(Records contained in a dataset)
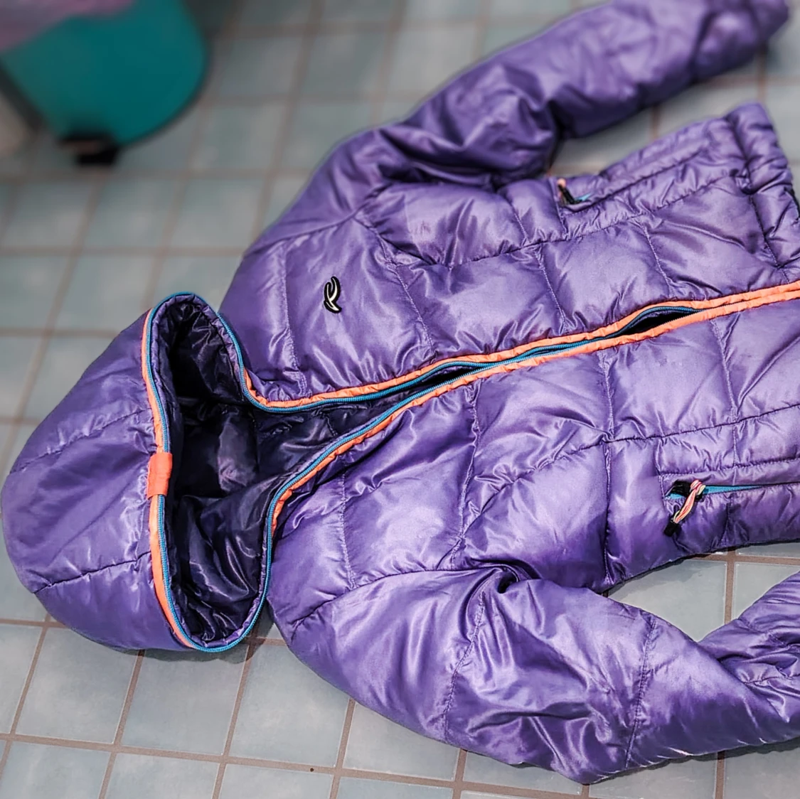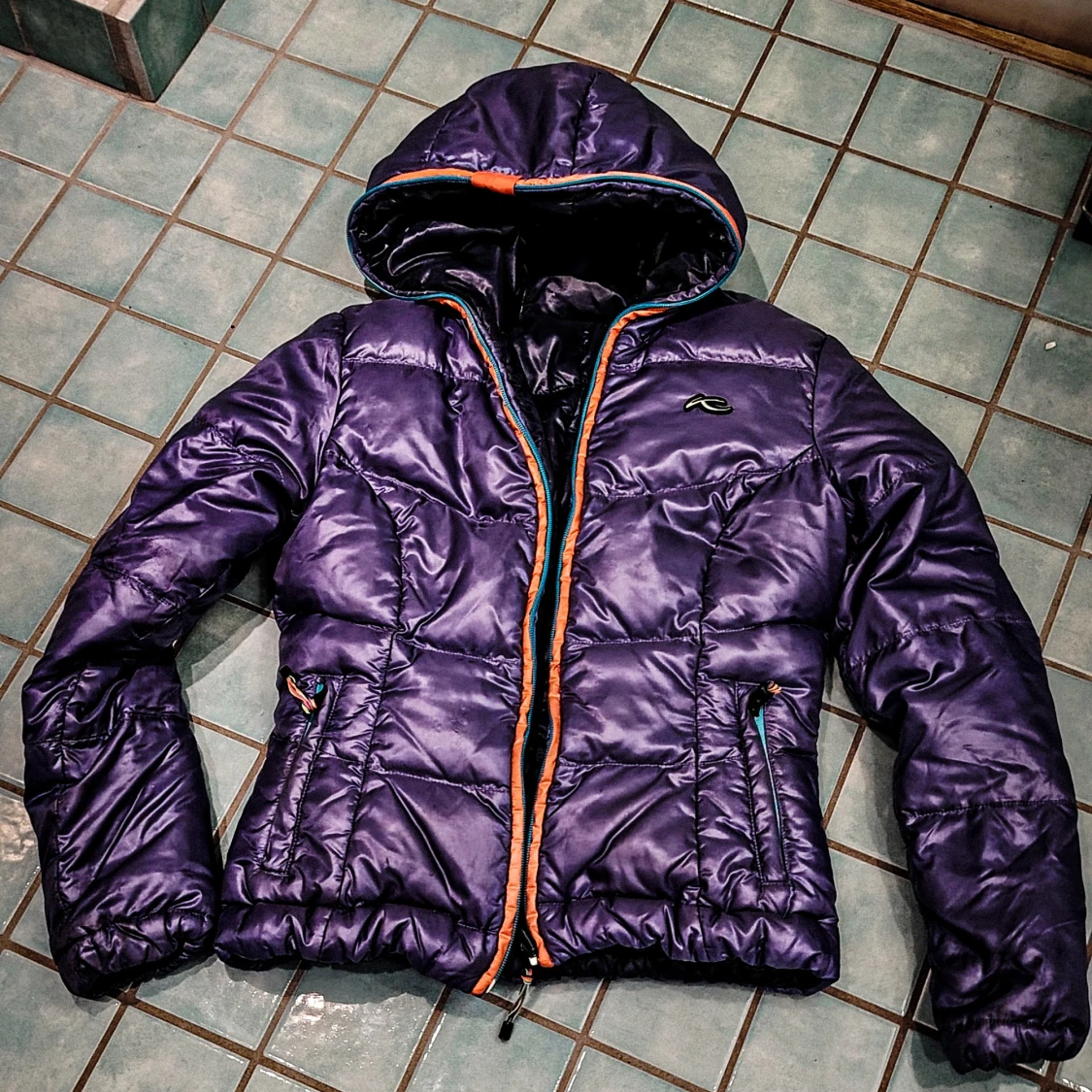 Säljer en lila dunjacka med huva och coola färgdetaljer i orange och blå vid dragkedjan. Jackan har quiltad design, två fickor och kan vändas ut och in. Finns väldigt lite bruksslitage eller tecken på användning och det lilla som finns syns ej.
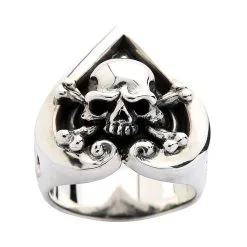 Bikerringshop 925 Sterling Silver Crossbones Heart Ace Skull Ring
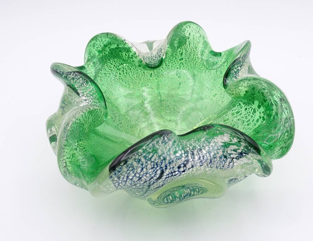 Murano Glas Ascher, grün mit silbernen Einschmelzungen, H. 6,5cm, D. 13,0cm [1]
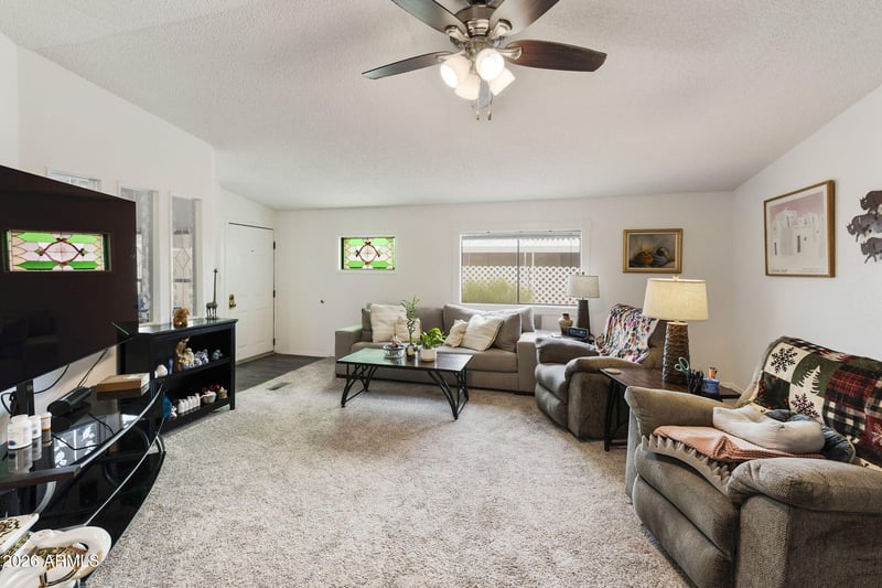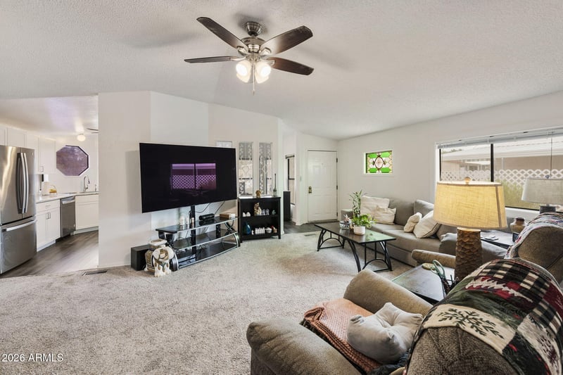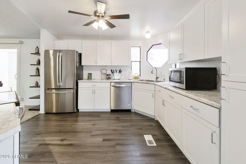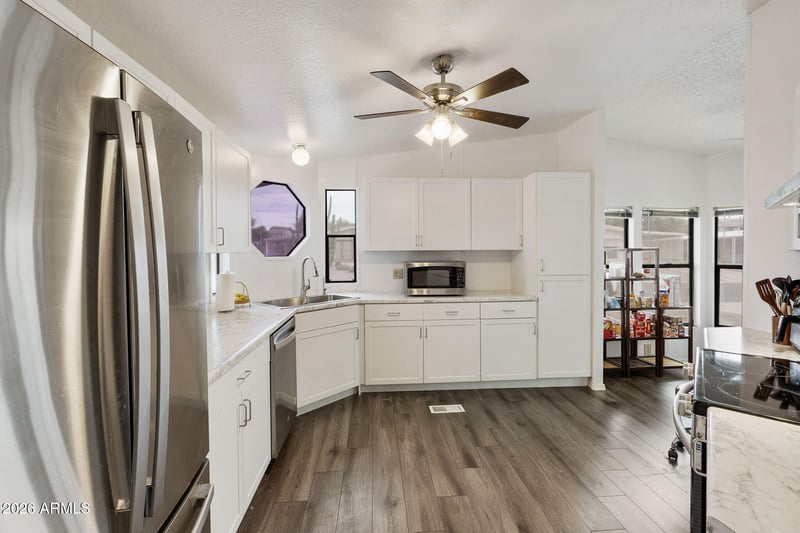 Listing details for 456 83rd Way, Mesa, AZ 85208 : Welcome to this home in the 55+ gated community of Fountain of the Sun. The home features a bright open floor plan with a breakfast nook and formal dining area that flows into the great room. The primary suite includes double vanities and a walk-in closet, and the guest bedroom also offers a walk-in closet. Interior updates include flooring (2025) and a remodeled kitchen (2024) with dishwasher, refrigerator, disposal, and built-in microwave. A spacious indoor laundry room includes additional office space. Major system updates include wiring (2022), plumbing (2026), HVAC (2018), and bathroom updates (2026). Washer and dryer are included. Outside, there is a covered patio and a workshop with AC, a window, and a sink. No land lease. Walk to the pool/spa, Activity Center, Birdie's Restaurant, and golf facilities. Ideally located near the US 60/Red Mountain Freeways for easy access to airports, Costco, and major shopping malls. Enjoy community amenities including a lake, golf course, pickleball, fitness center, and more.
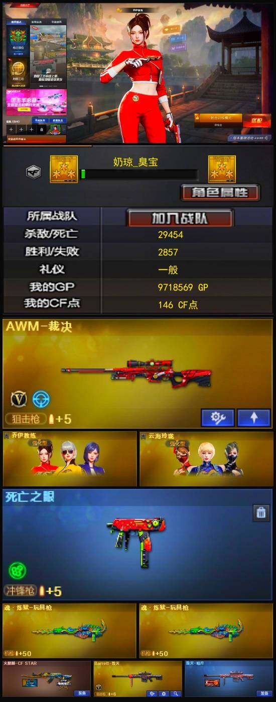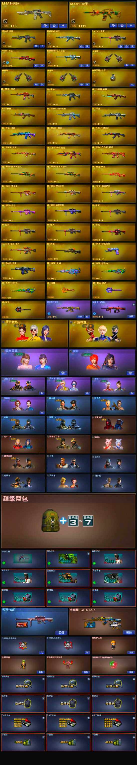 【英雄级武器】:M4A1-武圣,M4A1-死神,Barrett-毁灭,AWM-裁决,M4A1-龙血,M4A1-赤狱骑士,麒麟刺*3
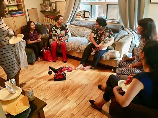 What made me marvel was that, of the ten or twelve children there, my two grandsons were the only Caucasians. The mothers originated in Sri Lanka, the Caribbean, Japan; a First Nations grandmother, one of Anna's good friends, is raising her 3 grandchildren for her daughter who's working and in school. These women know each other - and each other's children - from the drop in at the school run by Miss Claire, who was also at the party. One woman brought her tiny 8 month old baby who'd been born premature; every woman at the party held that baby. Anna said she's the "therapy baby"; any woman longing to have another child can hold her for a bit and maybe satisfy that itch. Miss Claire said when the principal of the school is having a bad day, she comes to the drop in and says, Where's that baby? One hug and she feels better.
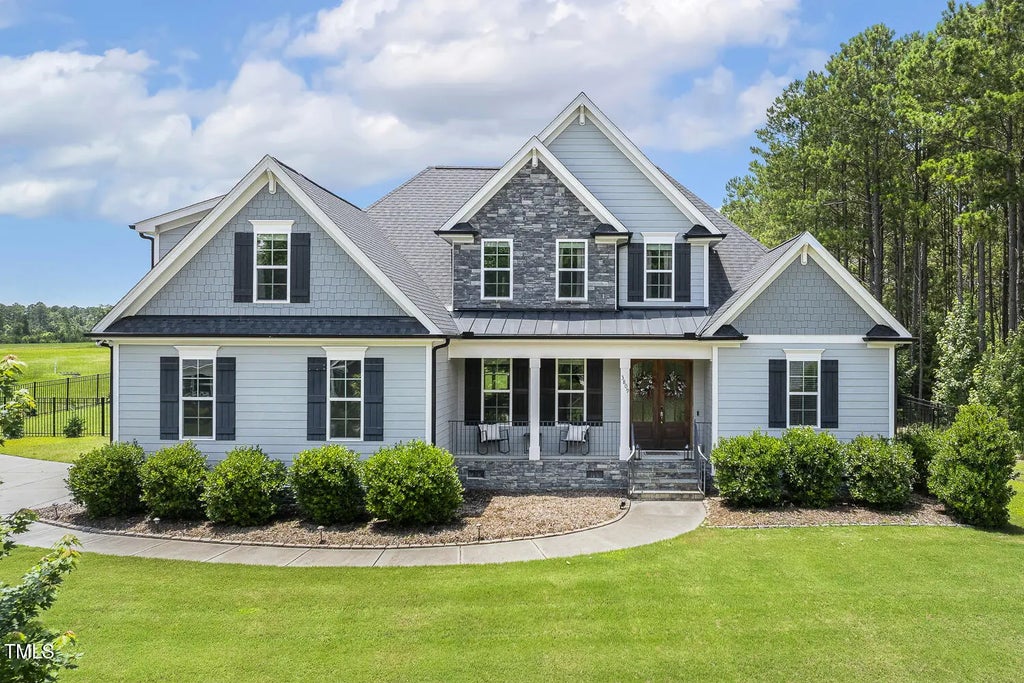 Welcome to this meticulously crafted 4-bedroom, 3-bath home built by Cypress Homes in 2018, nestled on a spacious and fully fenced 1.1-acre flat lot in the highly desirable Olde Waverly neighborhood in Fuquay Varina. Step inside to discover quality finishes and thoughtful design throughout from gleaming hardwood floors and porcelain tile to custom trim molding, tray ceilings, and built-in cabinetry. The main floor features a luxurious primary suite with a spa-like soaking tub, walk-in shower, and a custom walk-in closet. An additional main-level bedroom and full bath offer flexible space for guests or a home office. The soaring cathedral ceilings in the family room highlight the impressive two-story gas fireplace, flanked by custom built-ins. The open-concept gourmet kitchen is a chef's dream with a large island, granite countertops, and plenty of storage. Upstairs, you'll find two additional bedrooms, full bathroom, a large bonus room, and walk-in attic storage. Enjoy outdoor living on the spacious porch, which features an EZE Breeze enclosure for year-round comfort, overlooking the private backyard oasis complete with an inground saltwater pool perfect for relaxing or entertaining. Additional highlights include a Generac whole-home generator, security system, a water softener, and a fantastic location with easy access to all that Fuquay Varina has to offer. Don't miss your chance to own this one-of-a-kind property that perfectly blends elegance, comfort, and functionality!
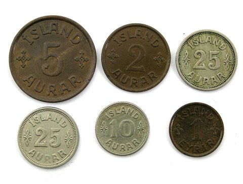 1 eyrir 1926, 2 aurar 1926, 5 aurar 1926, 10 aurar 1929, 25 aurar 1922,1923
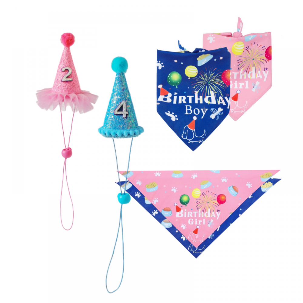 Świętuj urodziny swojego pupila z naszym wyjątkowym zestawem urodzinowym Birthday Boy! Komplet zawiera niebieską lub różową urodzinową czapeczkę oraz bandankę, idealne do sesji zdjęciowej z okazji urodzin. Do zestawu dołączone są cyfry, które można przykleić do czapeczki, pozwalając na personalizację i dodanie unikalnego akcentu.
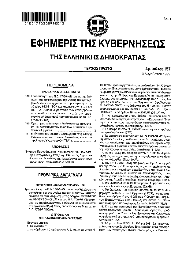 • ΤΡΟΠΟΠΟΙΗΣΗ ΤΟΥ Π.Δ 17/96 ΜΕΤΡΑ ΓΙΑ ΤΗ ΒΕΛΤΙΩΣΗ ΤΗΣ ΑΣΦΑΛΕΙΑΣ ΚΑΙ ΤΗΣ ΥΓΕΙΑΣ ΤΩΝ ΕΡΓΑΖΟΜΕΝΩΝ
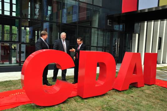 当钢琴声响起,鲜艳柔软的红绸滑落在地,露出学院光彩夺目的CDAI字母雕塑和学院立牌,现场师生们按捺不住兴奋纷纷起立观礼。合作三方的校长们也紧握双拳,激动之心难以言表。

→ ASSIGNMENT:
Output only the lines from the start of the data through the line that holds "Listing details for". Keep them exact and leave the pictures out.

→ WRITTEN RESPONSE:
 Säljer en lila dunjacka med huva och coola färgdetaljer i orange och blå vid dragkedjan. Jackan har quiltad design, två fickor och kan vändas ut och in. Finns väldigt lite bruksslitage eller tecken på användning och det lilla som finns syns ej.
 Bikerringshop 925 Sterling Silver Crossbones Heart Ace Skull Ring
 Murano Glas Ascher, grün mit silbernen Einschmelzungen, H. 6,5cm, D. 13,0cm [1]
 Listing details for 456 83rd Way, Mesa, AZ 85208 : Welcome to this home in the 55+ gated community of Fountain of the Sun. The home features a bright open floor plan with a breakfast nook and formal dining area that flows into the great room. The primary suite includes double vanities and a walk-in closet, and the guest bedroom also offers a walk-in closet. Interior updates include flooring (2025) and a remodeled kitchen (2024) with dishwasher, refrigerator, disposal, and built-in microwave. A spacious indoor laundry room includes additional office space. Major system updates include wiring (2022), plumbing (2026), HVAC (2018), and bathroom updates (2026). Washer and dryer are included. Outside, there is a covered patio and a workshop with AC, a window, and a sink. No land lease. Walk to the pool/spa, Activity Center, Birdie's Restaurant, and golf facilities. Ideally located near the US 60/Red Mountain Freeways for easy access to airports, Costco, and major shopping malls. Enjoy community amenities including a lake, golf course, pickleball, fitness center, and more.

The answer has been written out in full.